While the president, like any other citizen, has the right to engage and critique judgements of courts, the stature of his office requires him to do so in a responsible manner. In addition to being protected by the (now) limited immunity of his office, the president chose to make his statements from the floor of parliament and thereby clothed himself with Parliament’s privileges. The almost absolute freedom of speech granted to the representatives of the people on the floor of the house, has to be used with caution and responsibility.

While the president did highlight some serious concerns with the Special Determination, he went further and:

  • Said the Determination was “a perverse determination which this House should not follow.”
  • Said that the Determination cannot be accepted and that parliament “has to assert its own rights.”
  • Suggested the setting up of a Parliamentary Select Committee to study the determination.

These statements by the president are unacceptable and are contrary to the Constitution he has sworn to uphold. The Constitution is very clear; it is the Supreme Court that has the sole and exclusive jurisdiction to interpret the Constitution not the president.

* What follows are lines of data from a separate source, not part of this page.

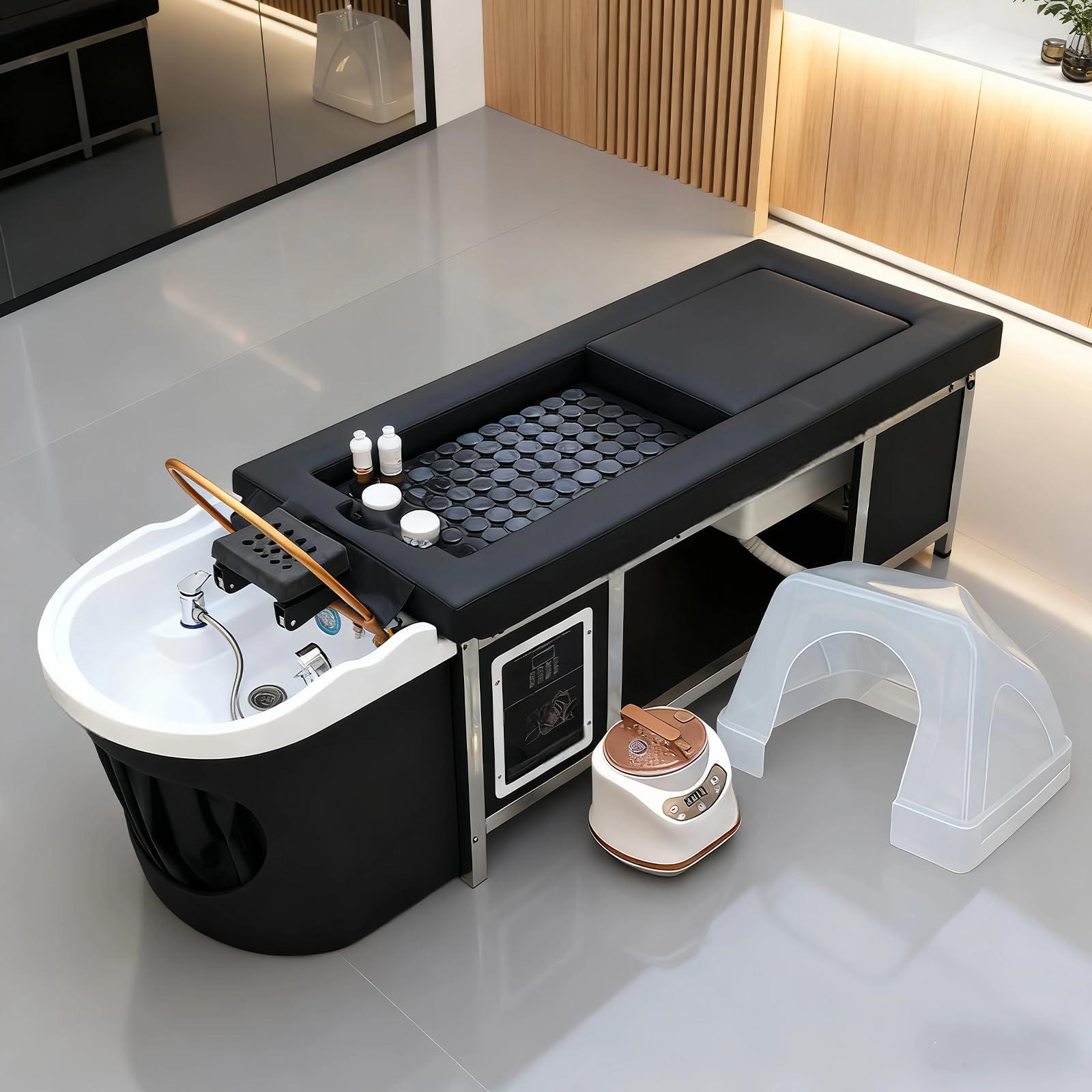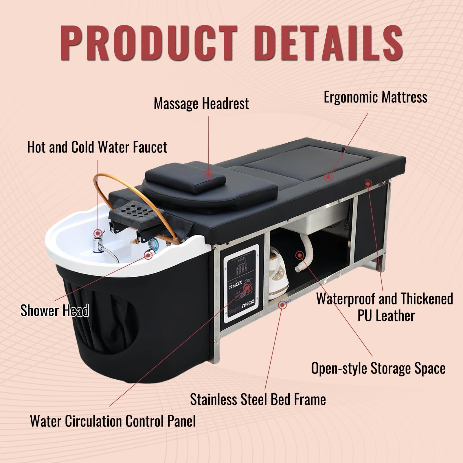 - The Japanese Shampoo Head Spa Bed is Versatile: The head spa equipment plumbed is perfect for beauty salons, massage parlors, barber shops, and luxury spas, making it easy to enhance the customer experience by providing quality massage services. its design transcends commercial spaces and is perfect for home use, turning into a personal oasis of relaxation and rejuvenation.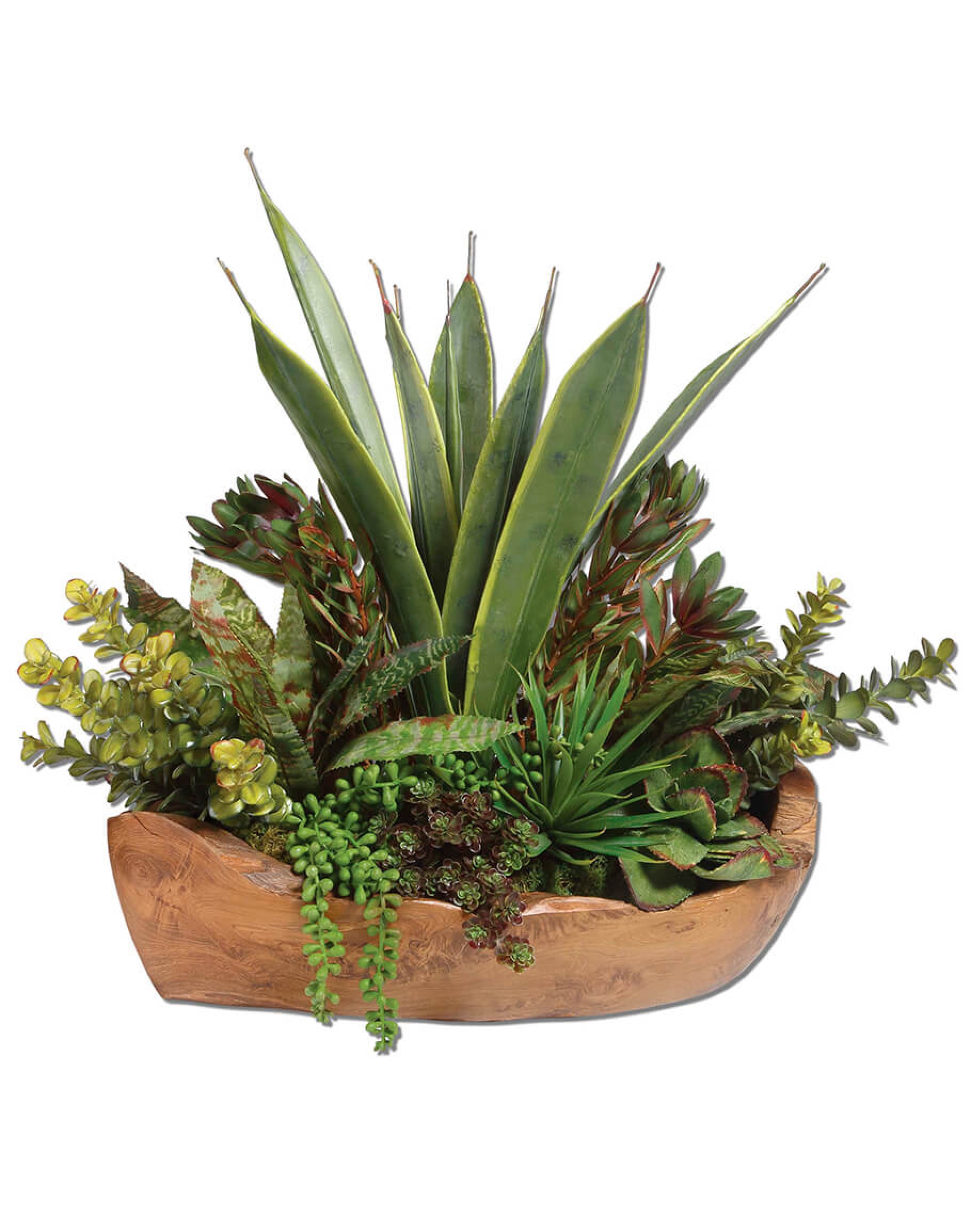 Dense and lush mix of succulent plants including aloe, jade, bromeliad, string of pearls and others in a hand carved, natural teak bowl.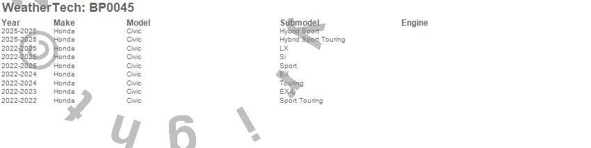 Below is an abbreviated list of applications for the BumperTopper.Civic, Honda, 2026, 2025, 2024, 2023, 2022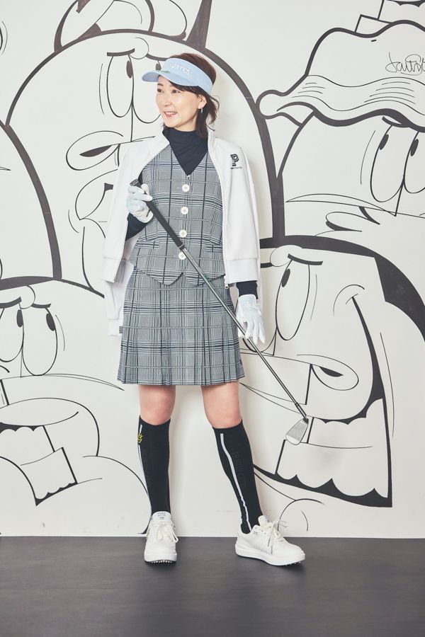 ブルゾン ¥35,200、ハイネック¥17,600、ベスト¥33,000、スカート¥31,900、サンバイザー¥7,040、ハイソックス¥3,740、グローブ(両手)¥13,200、靴¥39,600(全てPEARLY GATES)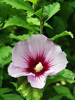 Hibiscus esculentus — однорічна трав'яниста рослина родини мальвових. Стебло розгалужене, 1,5—2 м заввишки. Листки довгочерешкові, серцевидні, 3—7-лопатеві з широкоовальними зубчастими частками. Квітки двостатеві, правильні, великі, одиничні в пазухах листків; віночок жовтий, при основі — з темною плямою. Плід — коробочка, з 5— 11 гранями. Цвіте у липні — серпні.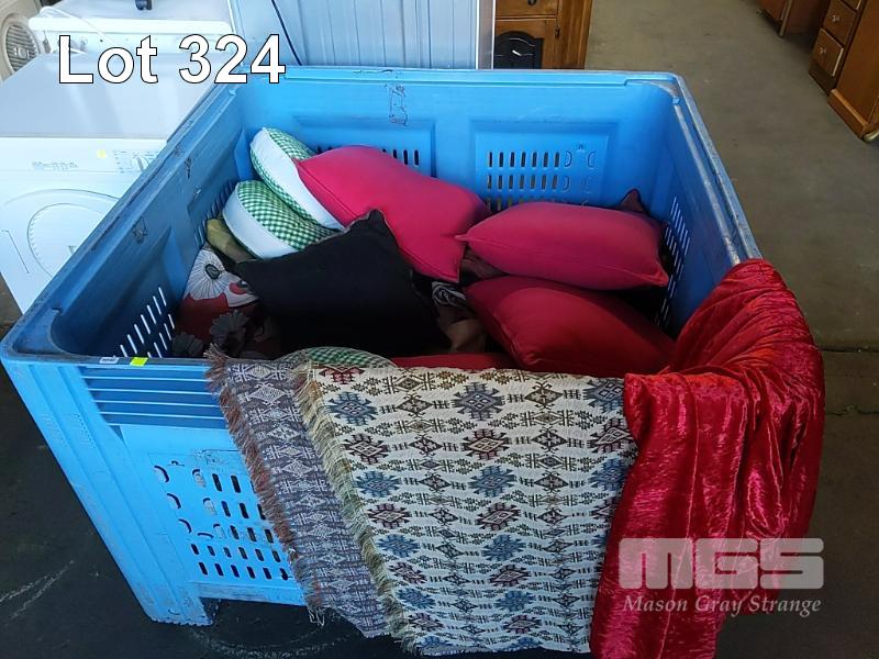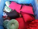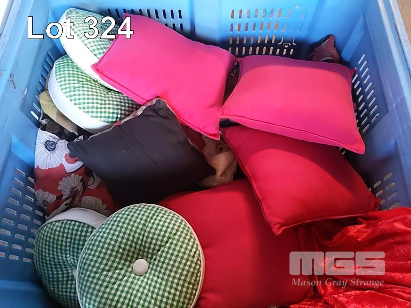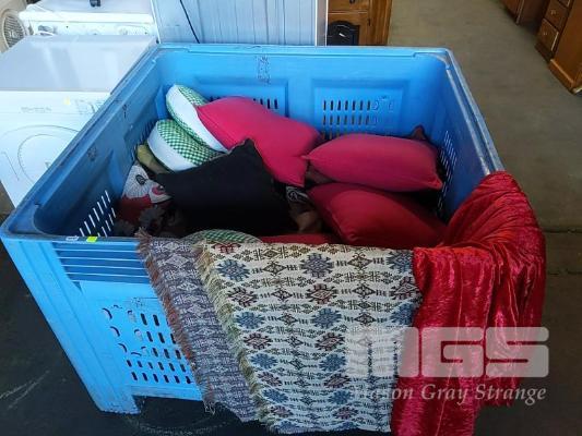 QUANTITY OF HOUSEHOLD LINEN, FABRIC AND CUSHIONS (1 x BIN - NOT INCLUDED)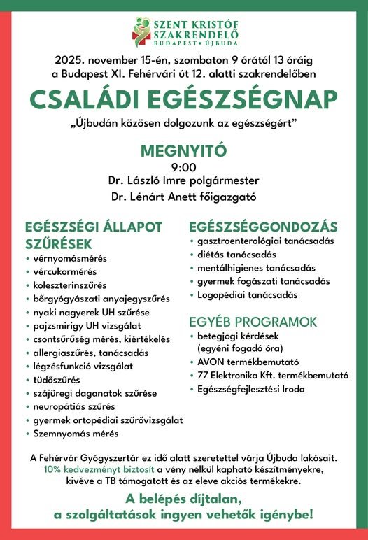 2025. november 15-én, szombaton 9 órától 13 óráig a Szent Kristóf Szakrendelőben Budapest (XI. Fehérvári út 12) családi egészségnapot tartanak.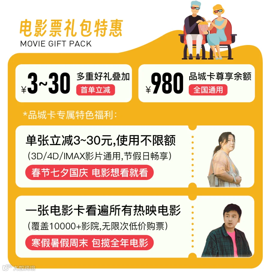 全国影院通用980元电影卡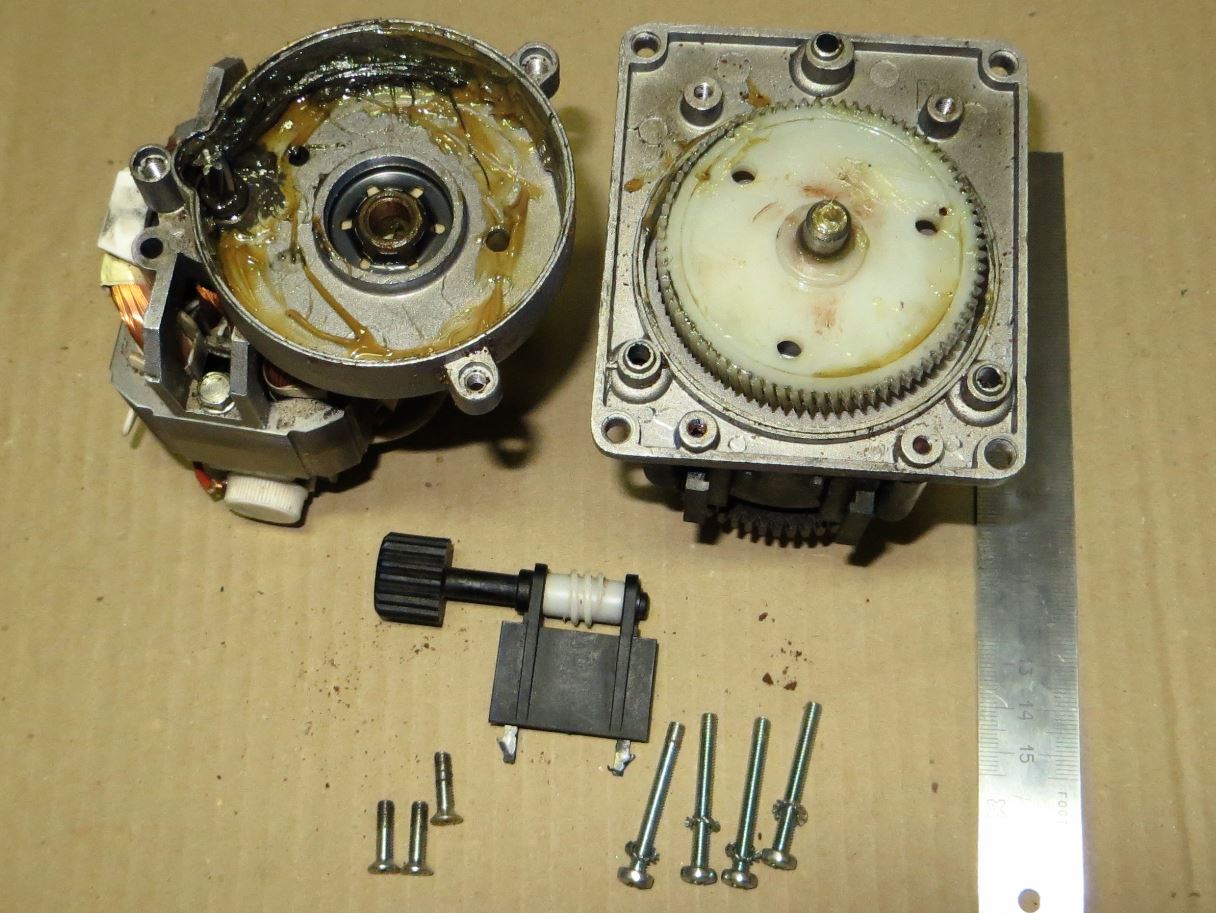 Разобрал, на роторе двигателя один проводок отвалился от механического повреждения - ротор не бронирован. Припаял его на место. Всё смазал.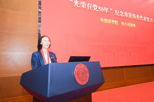 五十载峥嵘岁月,五十载初心如磐。他们不忘入党初心,永葆党员本色,对党忠诚,不辱使命,勤勉敬业,务实尽责,为广大党员作出了表率。何小凤教授作为获颁“光荣在党50年”纪念章的老党员代表发言,深情回顾入党50年来的峥嵘岁月,表达了对党的无限忠诚和对学校事业发展的热爱。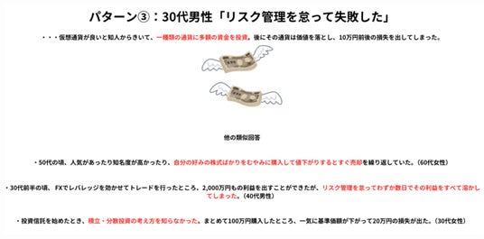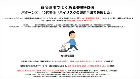 続いて、資産運用の失敗談や得られた教訓、失敗を防ぐコツに関するアンケート結果を取り上げる。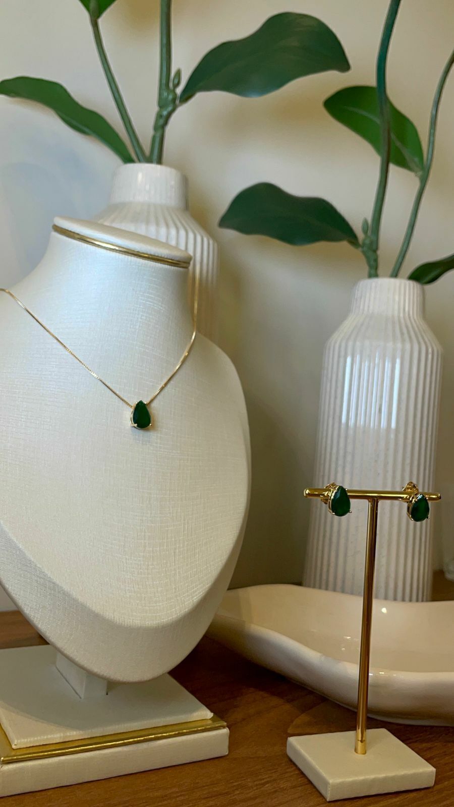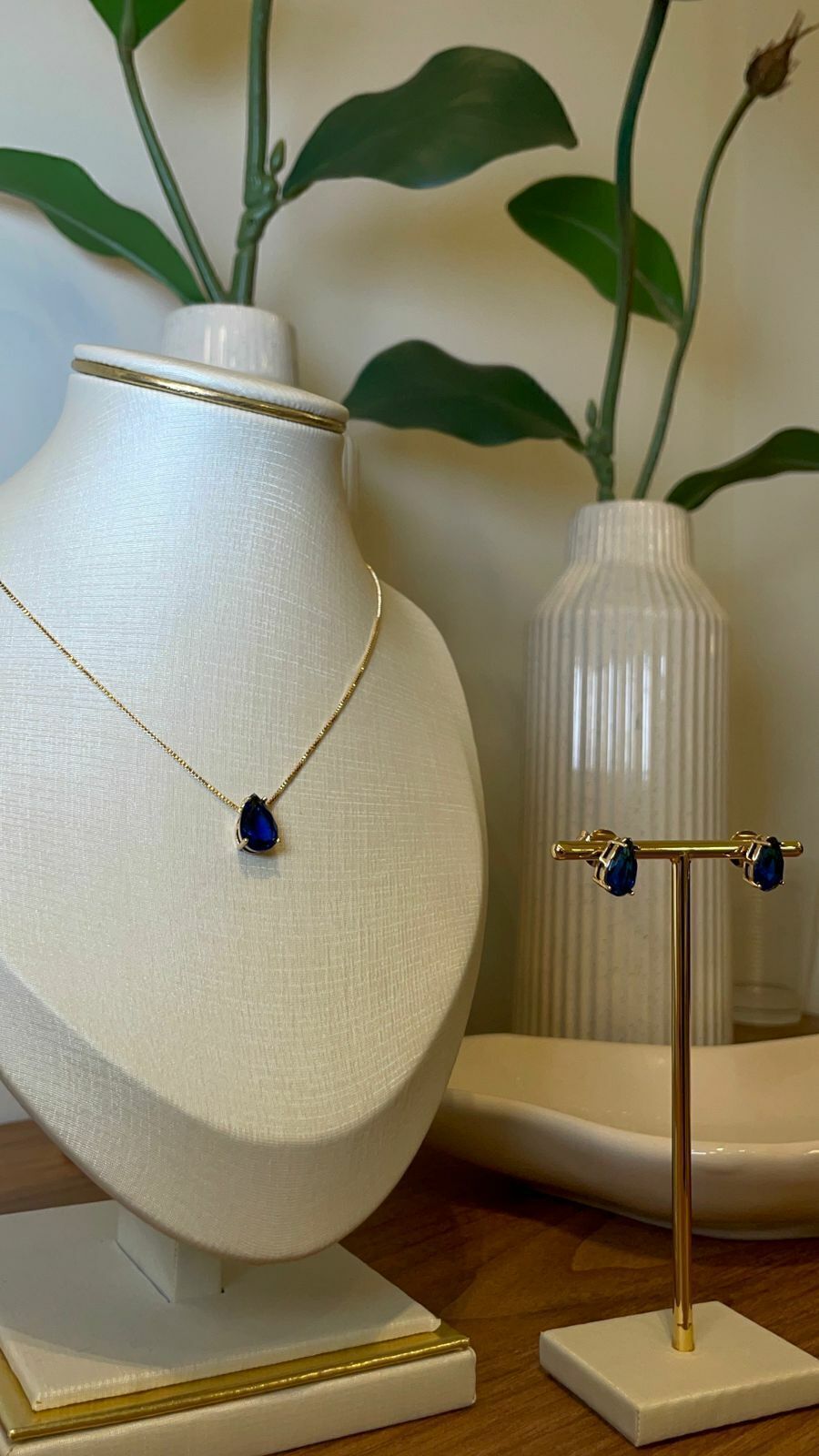 COLAR PEDRA RESINADA COM TRÊS PONTINHOS TURQUESA

Even if we assume that the Supreme Court’s decision was manifestly wrong, parliament or the president cannot sit in revision of that decision.

The Constitution provides for specific mechanisms by which such errors can be rectified (for the Supreme Court itself to revisit such decisions). In fact one such mechanism was suggested to the president by M.A. Sumanthiran President’s Counsel during the course of the debate in parliament. But appointing members of parliament to review such a decision is not such a mechanism. Here again the Constitution is emphatic; once the court determines that any provision of a Bill is inconsistent with the Constitution such a Bill “shall not be passed except in the manner stated in the determination of the Supreme Court” unless of course necessary amendments are made to bring the Bill in line with the court’s determination.

It is unfortunate that the president ventured on the path he did, basically asking Members of Parliament to violate the Constitution. The president’s analysis of the situation seems to be based on a deeply misguided and erroneous belief in a form of parliamentary supremacy over the judiciary. As Sri Lanka’s Supreme Court has continuously said for decades, there is no absolute power, no plenary power recognised by our Constitution. In this Republic, at least theoretically, sovereignty is with the people and all powers of government are held in trust for the people.